Aside from some fine tuning on the code, getting a nice enclosure is up next. In the final build, I'll add a USB cable/input so I can program the Arduino without removing the cover.
Nice work Rich, again. Your one of a few that put as much effort into squeezing every last drop of SQ from your digital as you do your analog.
That's a nice way of saying it, Tony. One could also say "Geez, Rich, you're somewhere in between "OCD" and "lunatic."
(I keed, I keed!) :lol:
And that is a good thing, right?:cheesygrin: Thanks Tony! The end is in sight. I decided on a hi-res USB to I2S module to try since the Twisted Pear hi-res USB module is yet to be released. My Netherlands connection has one and will report his findings. Many folks say due to the DAC chip design, you don't as big a boost in SQ going from SPDIF to I2S input.
Originally Posted by tonyb
Funny man! LOL Jay, I guess some might believe that. As Shaw said all progress depends on the unreasonable man.:cheesygrin:
Originally Posted by agfrost
Working with modushop is great so far. They are in Italy...I get this email from Andrea about my plans...Hey! Wassa mattu u? Stupidio!:biggrin:
Which USB converter did you go with?
Originally Posted by SCompRacer
Eh guys...you know the score. Every so often we get someone who wants their Iphone or computer music plugged into a 300 buck avr to sound as good as their 2 channel analog system and give up while proclaiming digital sucks. Call me old fashioned, but I still remember all the tweeks and junk we tooled around with to squeeze out that last drop of SQ from our analog stereo gear. It's just refreshing to see that same passion in the digital world. Something Rich has in spades.
Carry on.....still can't wait to get together with a bunch of you goons for a cocktail and a listen.
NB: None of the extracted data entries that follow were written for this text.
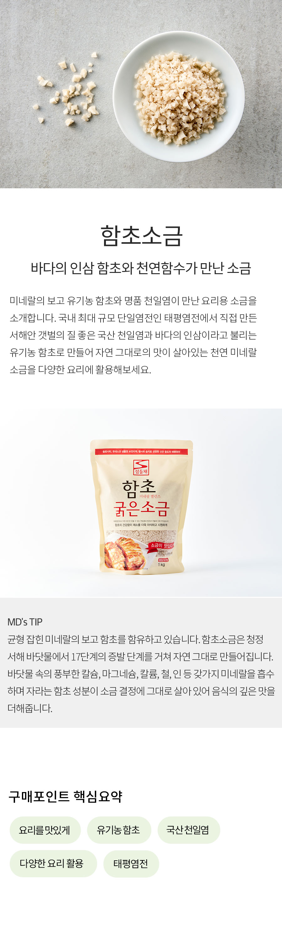 함초 자연 굵은 소금 (1kg) 수량빼기 수량추가 10,400 원 8개 남음 총 수량 1 개 10,400 원 구매옵션 닫기 찜하기 추가 찜하기 삭제 구매후기 509 상품상세 정기구독 장바구니 정기구독 장바구니 구매하기 정기배송 장바구니
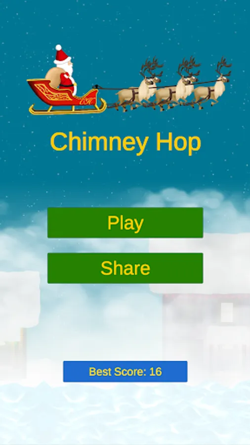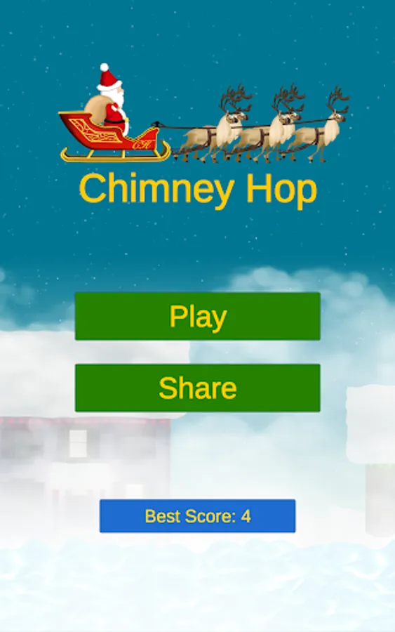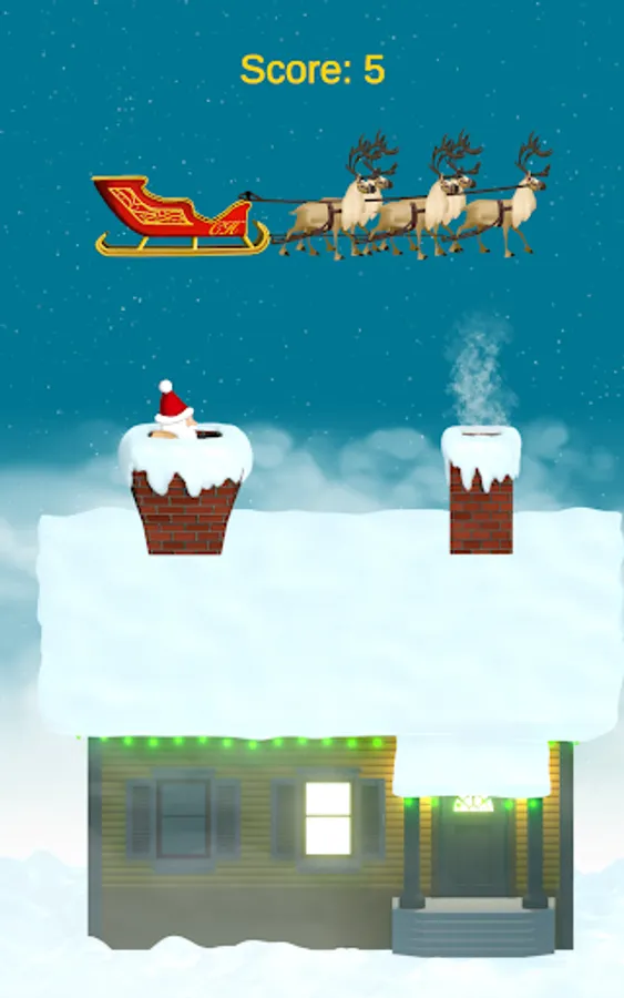 Chimney Hop is a Christmas Game fun to play for all. It has the Christmas feeling with lots of Christmas icons: Santa sleigh, Santa's reindeer, Santa with his bag of toys and presents, falling snow, houses with chimneys, Christmas lights and many more to get you in the spirit of Christmas. Just a nice positive scene with soothing sounds in the background.
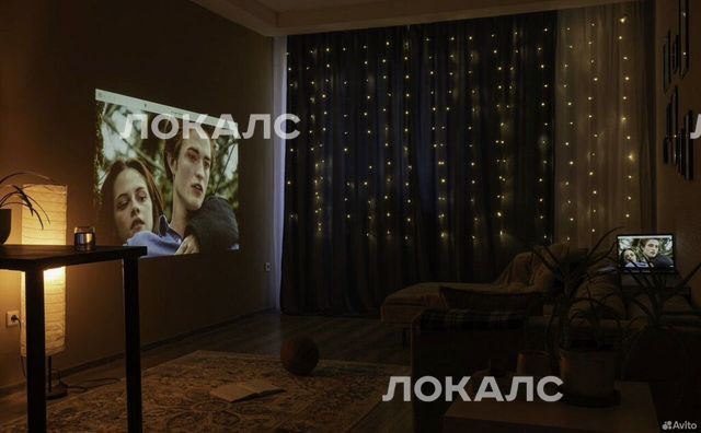 В зале: большой гостевой диван (не раскладной), проектор для просмотра фильмов, ковер, рабочая зона. Выход на балкон из гостиной.
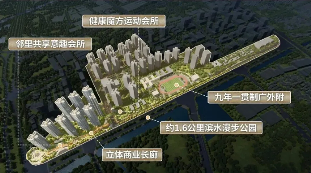 学校:配建36班九年一贯制广外附学校,已正式签约并完成主体封顶,预计2026年开学。学校采用“全人教育”理念,由广外教育集团直接管理,师资与课程体系与广外本部同步,实现“目送式接送”。
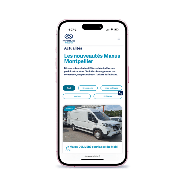 Maxus Taillefer, concessionnaire officiel de la marque chinoise Maxus à Montpellier, a confié à Karita la création de son site internet. Ce projet accompagne le lancement officiel de Maxus en France, avec pour objectif de renforcer sa présence digitale et de valoriser ses véhicules utilitaires électriques (VUL).
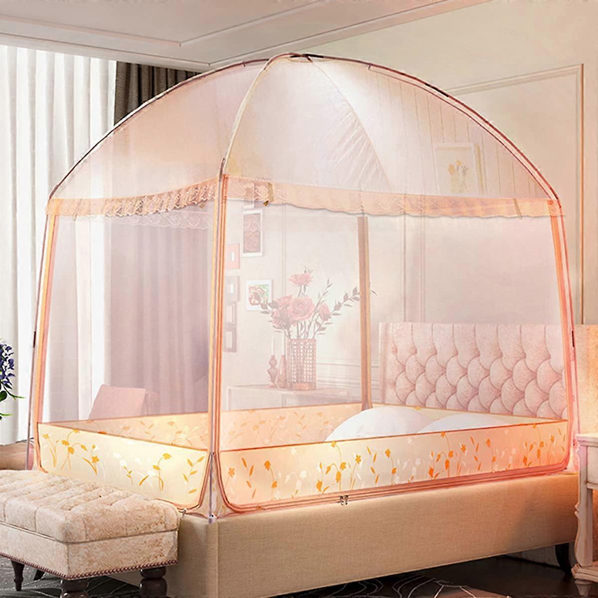 Mosquito net for bed, foldable antimosquito tent with 3 doors, freestanding canopy for outdoor travel, orange, 2.0 x 1.8 x 1.7 m
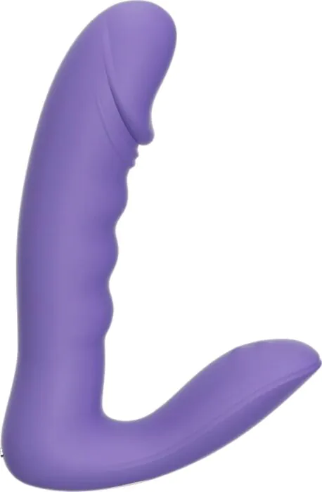 RORA é um vibrador duplo em silicone pensado para quem quer estimulação focalizada da zona G e, ao mesmo tempo, clitoriana — e que valoriza controlo e versatilidade. Tem um eixo rígido com ponta em forma de glande curvada para direcionar bem a estimulação, e uma peça externa com base larga que serve de apoio: isso permite colocá-lo contra a vulva ou o períneo para uso mãos-livres. Além da vibração, acrescenta uma função de movimento que intensifica a sensação. O acabamento é lavanda púrpura suave ao toque.
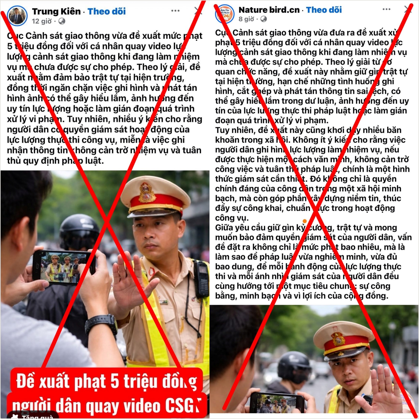 Các thông tin giả về việc xử phạt người quay clip CSGT làm nhiệm vụ
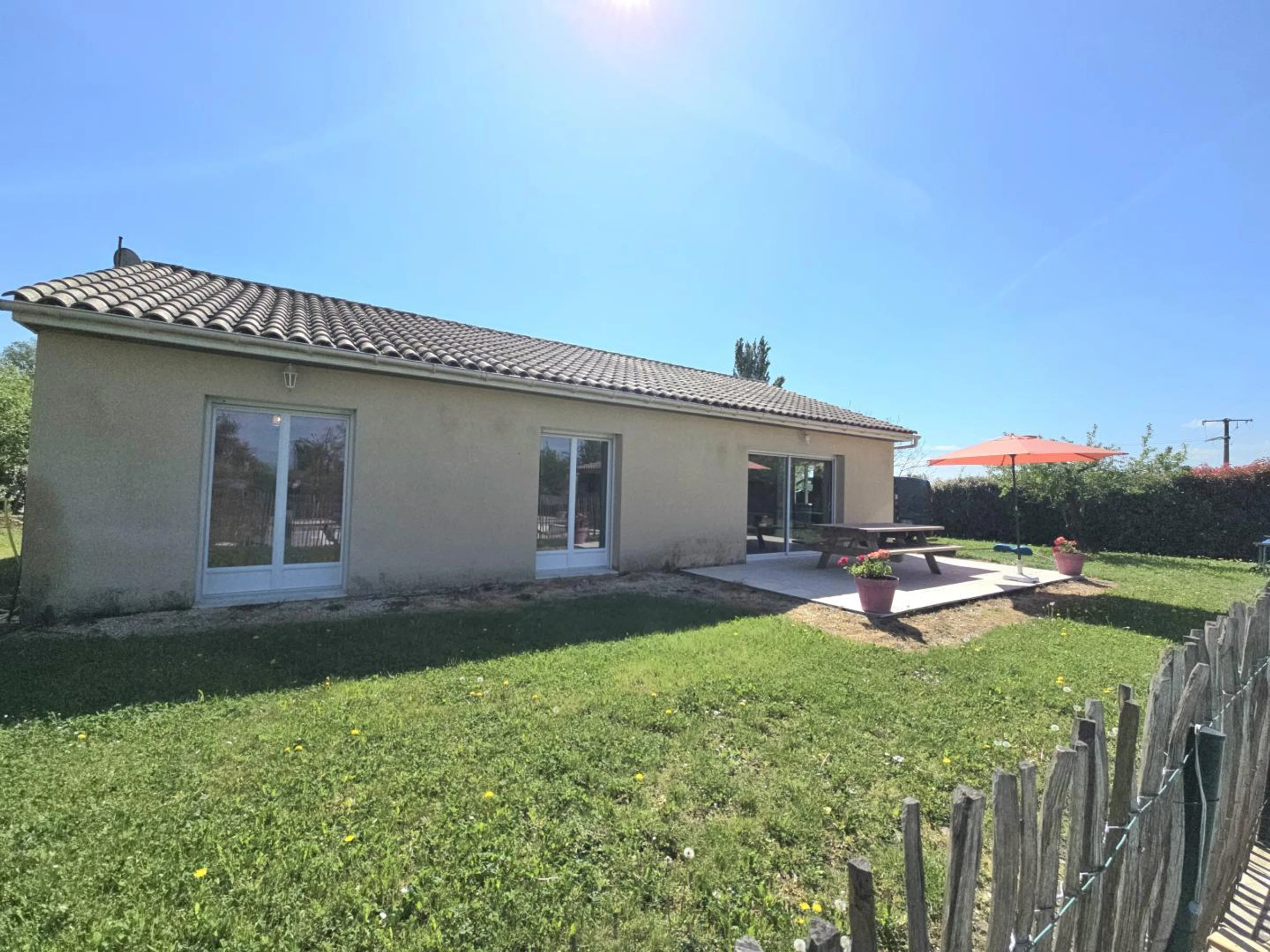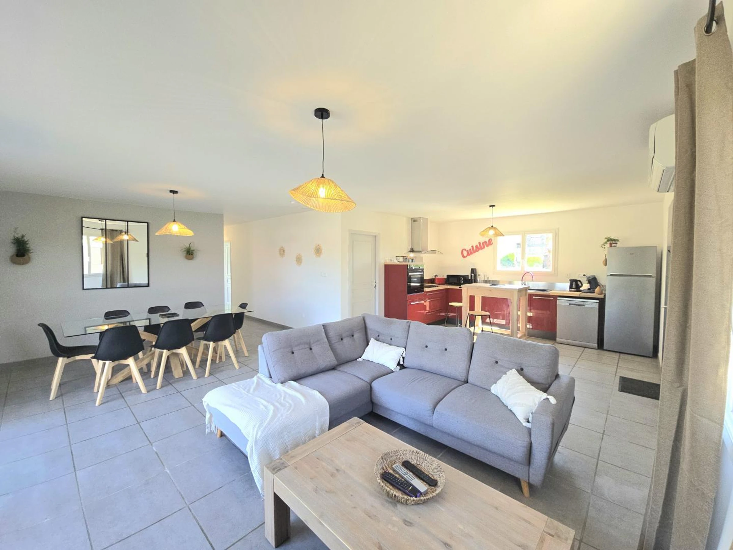 Maison traditionnelle dans une impasse. Vaste pièce principale équipée d'un espace salon, TV, internet, salle à manger et cuisine (lave-vaisselle, vitrocéramique, four, combiné ), pièce disposant de la climatisation réversible.
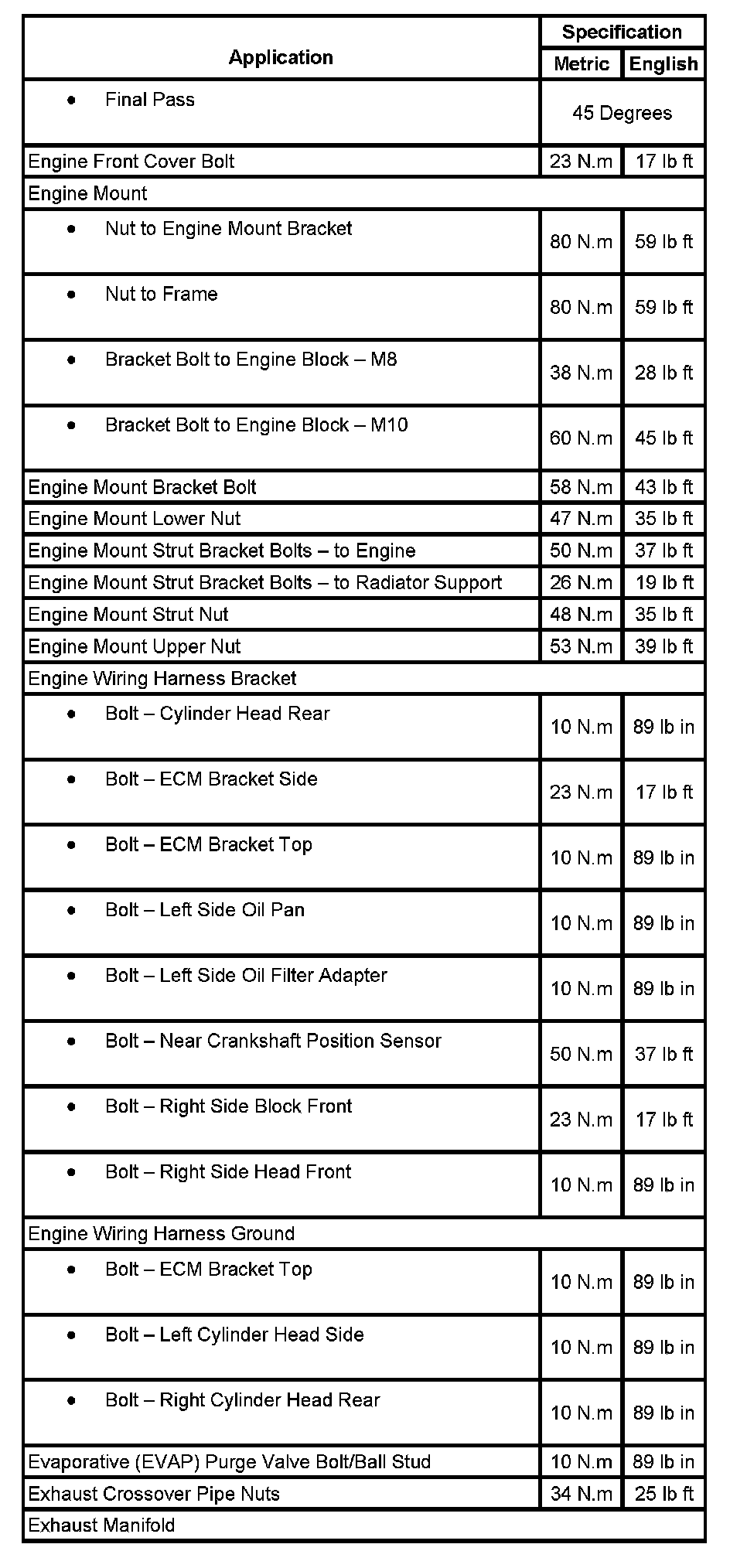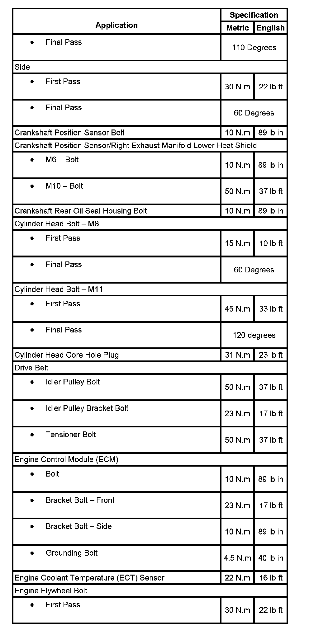 Tightening Torques & Sequences

This one.....99euro, like ~$127 US.
Originally Posted by strider
The thread at diyAudio.
Asynchronous 24/192, ASIO/KS/WASAPI/Direct Sound drivers for Windows XP. I haven't got it yet, will order next week. The enclosure was the priority right now. I was thinking of modding a Musiland USB DAC (similar pricing) but they use a packet transfer I'm not sold on versus asynchronous. And I'd have to solder tiny leads to the tiny PCB traces to extract I2S before the DAC chip like I did with the Denon. I have one side of a nice Twisted Pear LCDPS dual 5v linear power supply open in my DAC to power it.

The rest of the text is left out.